The core functionality revolves around the extract_content function.

```python
import asyncio
from content_core.extraction import extract_content

async def main():
    # Extract from raw text
    text_data = await extract_content({"content": "This is my sample text content."})
    print(text_data)

    # Extract from a URL (uses 'auto' engine by default)
    url_data = await extract_content({"url": "https://www.example.com"})
    print(url_data)

    # Extract from a local video file (gets transcript, engine='auto' by default)
    video_data = await extract_content({"file_path": "path/to/your/video.mp4"})
    print(video_data)

    # Extract from a local markdown file (engine='auto' by default)
    md_data = await extract_content({"file_path": "path/to/your/document.md"})
    print(md_data)

    # Per-execution override with Docling
    doc_data = await extract_content({
        "file_path": "path/to/your/document.pdf",
        "engine": "docling",
        "output_format": "html"
    })
    print(doc_data)

if __name__ == "__main__":
    asyncio.run(main())
```

(See `src/content_core/notebooks/run.ipynb` for more detailed examples.)

## Docling Integration

Content Core supports an optional Docling-based extraction engine for rich document formats (PDF, DOCX, PPTX, XLSX, Markdown, AsciiDoc, HTML, CSV, Images).


### Enabling Docling

Docling is not the default engine when parsing documents. If you don't want to use it, you need to set engine to "simple". 

#### Via configuration file

In your `cc_config.yaml` or custom config, set:
```yaml
extraction:
  engine: docling       # 'legacy' (default) or 'docling'
  docling:
    output_format: markdown  # markdown | html | json
```

#### Programmatically in Python

```python
from content_core.config import set_extraction_engine, set_docling_output_format

# switch engine to Docling
set_extraction_engine("docling")

# choose output format: 'markdown', 'html', or 'json'
set_docling_output_format("html")

# now use ccore.extract or ccore.ccore
result = await cc.extract("document.pdf")
```

## Configuration

Configuration settings (like API keys for external services, logging levels) can be managed through environment variables or `.env` files, loaded automatically via `python-dotenv`.

Example `.env`:

```plaintext
OPENAI_API_KEY=your-key-here
GOOGLE_API_KEY=your-key-here
```

### Custom Prompt Templates

Content Core allows you to define custom prompt templates for content processing. By default, the library uses built-in prompts located in the `prompts` directory. However, you can create your own prompt templates and store them in a dedicated directory. To specify the location of your custom prompts, set the `PROMPT_PATH` environment variable in your `.env` file or system environment.

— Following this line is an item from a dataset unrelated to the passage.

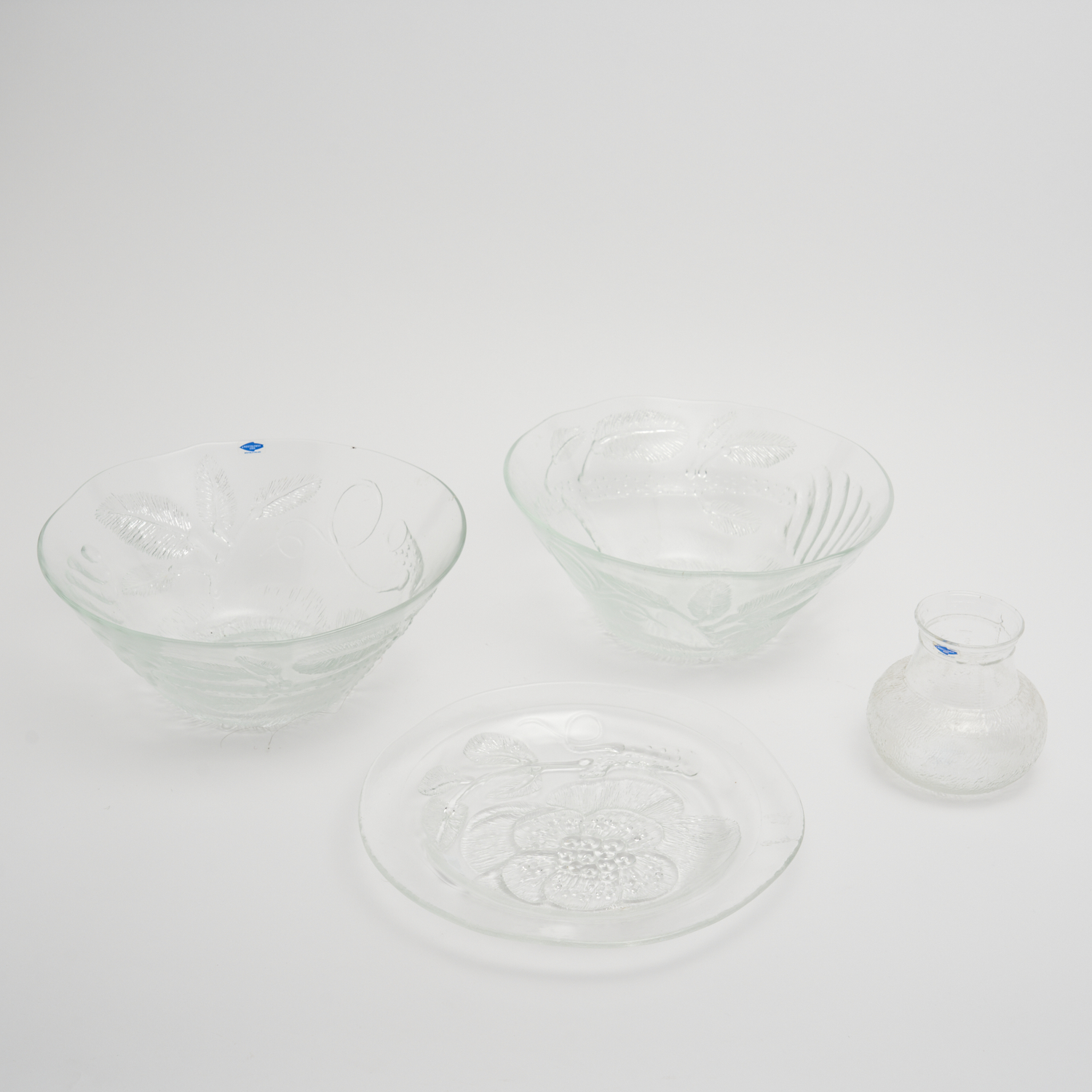 A NUUTAJÄRVI LOT, INCLUDING TWO LARGE BOWLS, PLATE AND VASE BY OIVA TOIKKA, MADE IN FINLAND DIA.27CM (LARGEST BOWL)

Example `.env` with custom prompt path:

```plaintext
OPENAI_API_KEY=your-key-here
GOOGLE_API_KEY=your-key-here
PROMPT_PATH=/path/to/your/custom/prompts
```

When a prompt template is requested, Content Core will first look in the custom directory specified by `PROMPT_PATH` (if set and exists). If the template is not found there, it will fall back to the default built-in prompts. This allows you to override specific prompts while still using the default ones for others.

## Development

To set up a development environment:

```bash
# Clone the repository
git clone <repository-url>
cd content-core

# Create virtual environment and install dependencies
uv venv
source .venv/bin/activate
uv sync --group dev

# Run tests
make test

# Lint code
make lint

# See all commands
make help
```

## License

This project is licensed under the [MIT License](LICENSE). See the [LICENSE](LICENSE) file for details.

## Contributing

Contributions are welcome! Please see our [Contributing Guide](CONTRIBUTING.md) for more details on how to get started.